• **Work instruction**
Apart from the pictures, every line below needs to be reproduced verbatim.

• **Information supplied**
==========

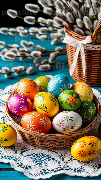 Окрашенные яйца и вербы
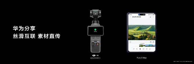 华为积极加强跨界合作。据余承东介绍,伴随鸿蒙星河互联再升级,华为Pura X Max支持与大疆Pocket 4设备直传,通过华为分享即可高速稳定传输视频、图片、动图等素材,高效衔接拍摄与创作。
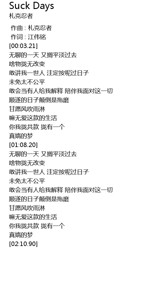 | [01:30.63] | 敢讲我一世人 注定按呢过日子 |
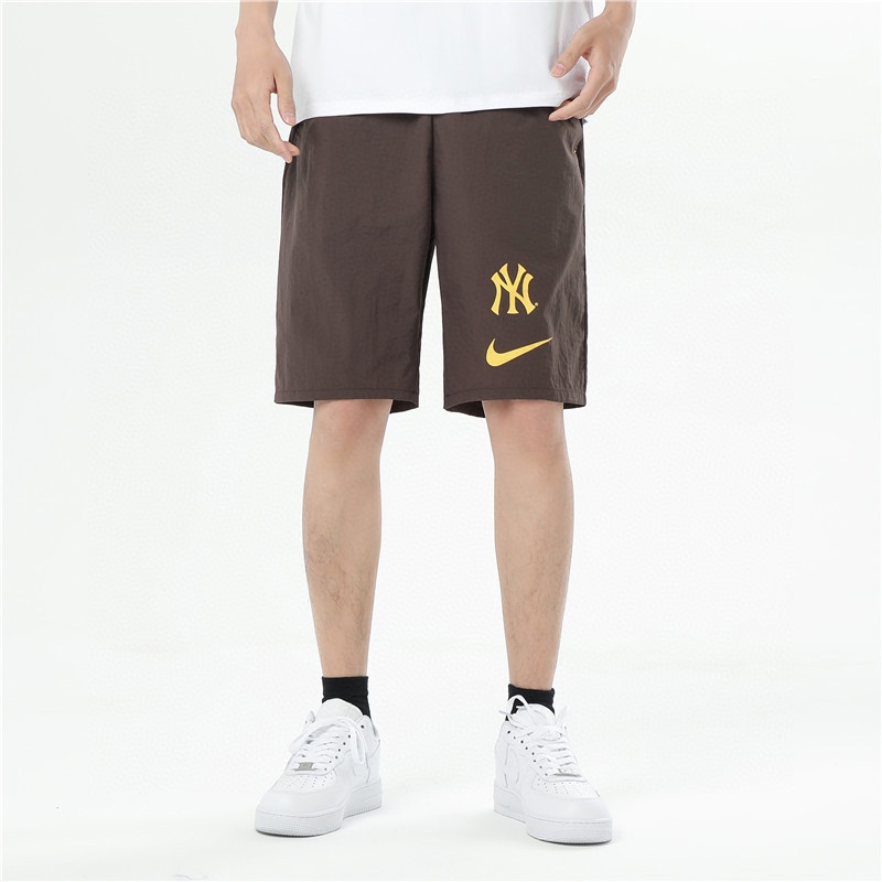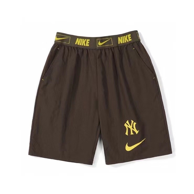 Коричневые шорты с фирменным логотипом Nike & MLB снизу и на резинке

==========

• **Output of the exercise**
 Окрашенные яйца и вербы
 华为积极加强跨界合作。据余承东介绍,伴随鸿蒙星河互联再升级,华为Pura X Max支持与大疆Pocket 4设备直传,通过华为分享即可高速稳定传输视频、图片、动图等素材,高效衔接拍摄与创作。
 | [01:30.63] | 敢讲我一世人 注定按呢过日子 |
 Коричневые шорты с фирменным логотипом Nike & MLB снизу и на резинке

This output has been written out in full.